I'm a native speaker of New Zealand English but as far as I'm aware this applies to any regional variant of English (although a "quarter" for 25¢ is specific to North America). A "quarter" is far more commonly used in conversation than a "fourth" but both mean "one part in four" (1/4). A "quarter" is a countable part so you can have two quarters or three quarters (such as pieces of a cake or pie). These could be separate quarter-sizes pieces or a fraction of the whole. However, a notable distinction is the there is a difference in the abbreviated or written forms commonly used in mathematics.
1/1 = 1 so it is a "whole" or "unit" (not a first)
1/2 (or 2/4) is "half" or "halves"
1/3 (or 1/3rd) and 2/3 is a "third" and "two thirds" respectively
3/4 and 3/4ths are read as "three quarters" or "three fourths" (these are not interchangeable)
Thus I would only use "fourths" in writing and mathematics, never in spoken conversation. Perhaps it is sometimes used by children or when teaching mathematics but is rarely spoken between two adults.
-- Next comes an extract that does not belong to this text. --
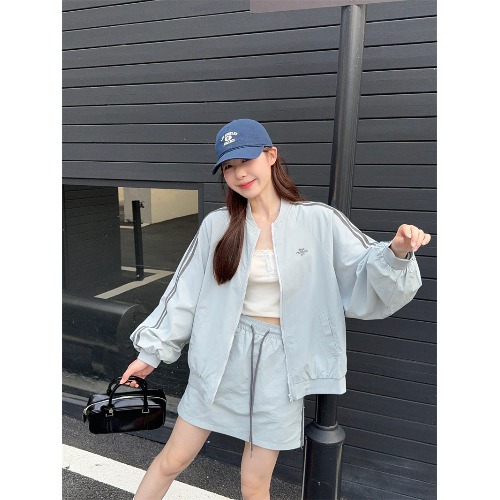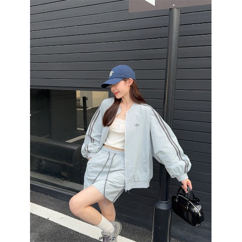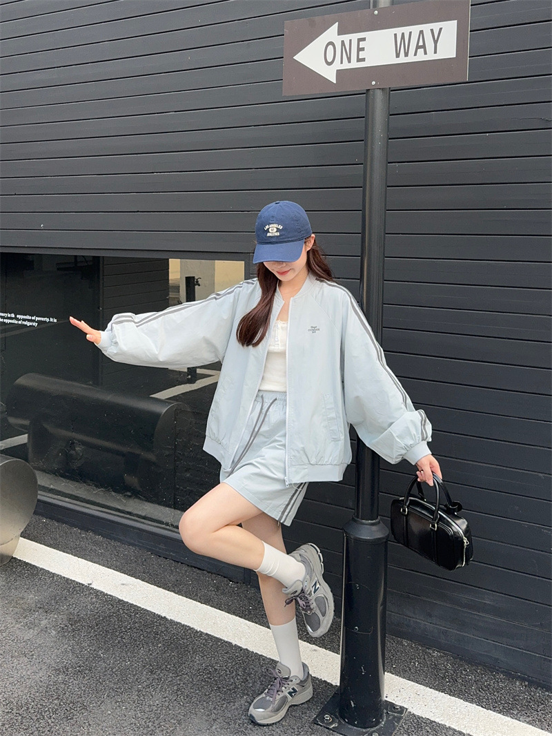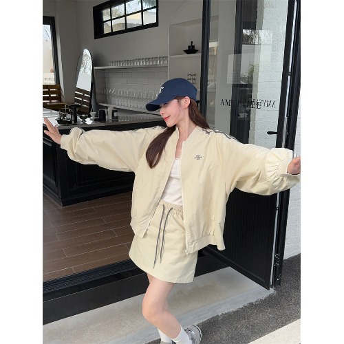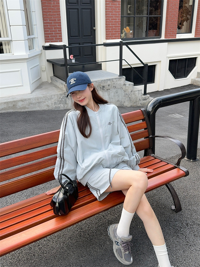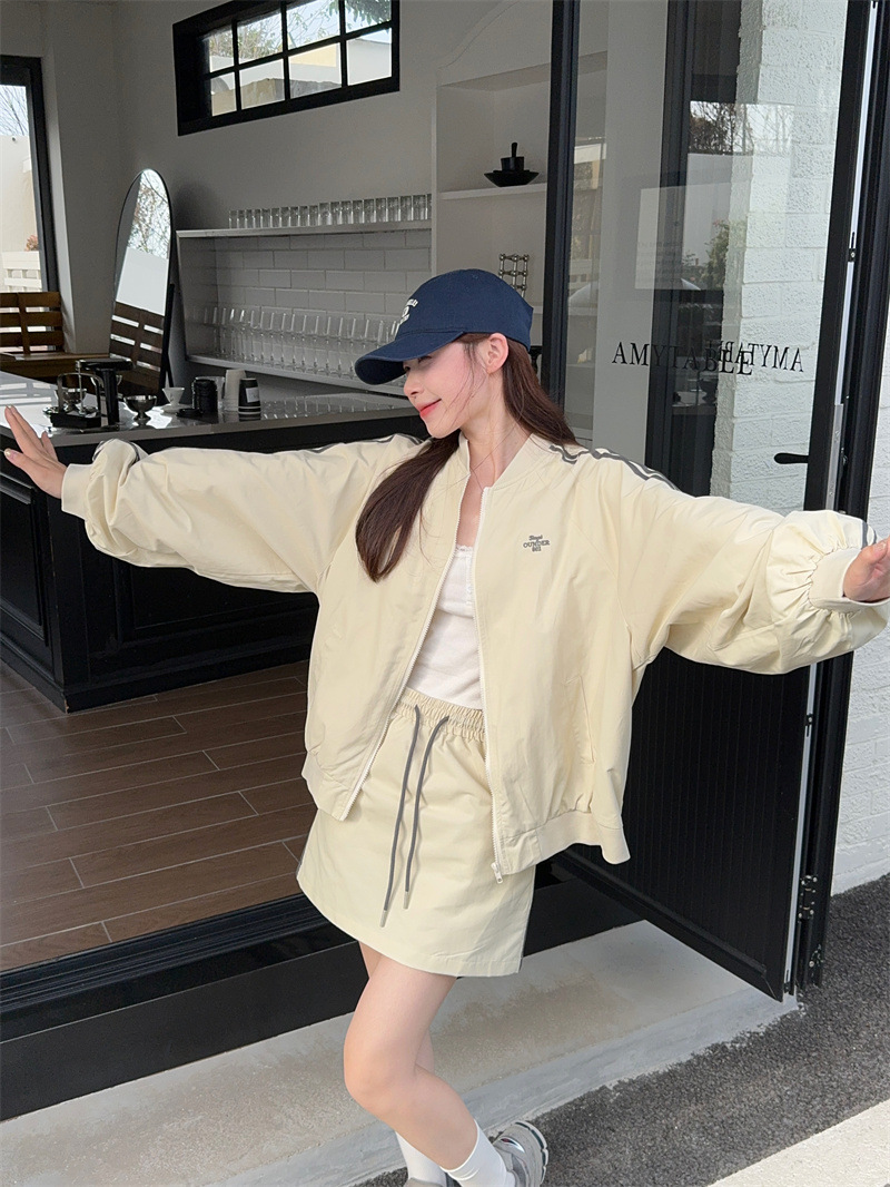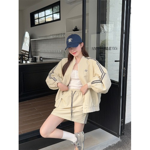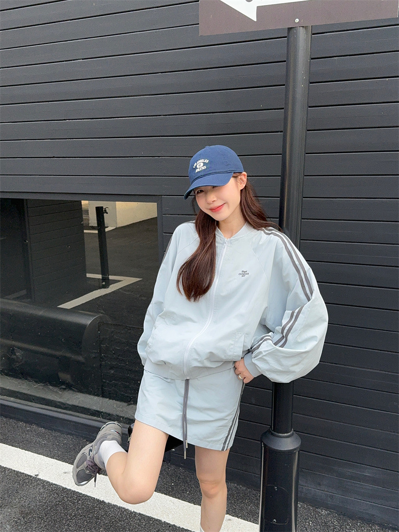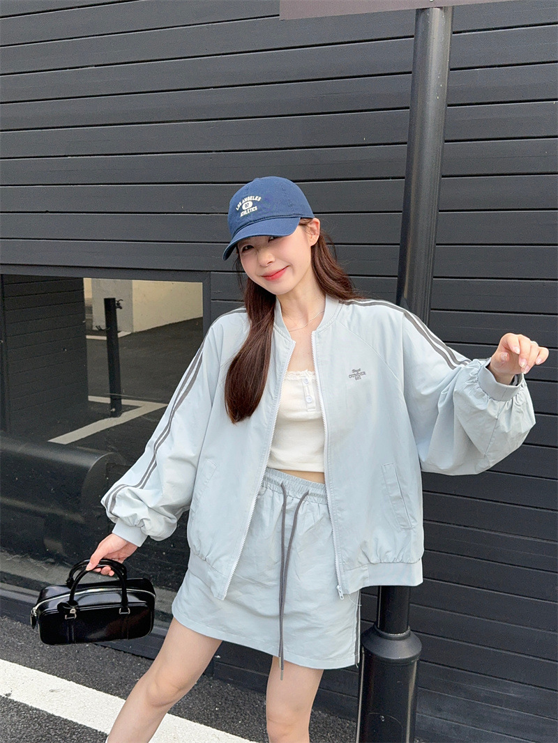2025 새로운 캐주얼 스포츠 세트 여자 레트로 콘트라스트 야구 세트 재킷 봄 드로스트링 스커트 투피스 세트

Notice that in these abbreviations the denominator (bottom number) corresponds to ordinal numbers: 1st "first", 2nd "second", 3rd "third", 4th "fourth", 5th "fifth", and so on. That is the convention for reading written fractions: x/y is read as x yths (not halves, thirds or quarters). The exception is "percentages": x/100 (x%) which uses the latin derived x per cent or very large numbers (such as ppm = parts per mil[lion]).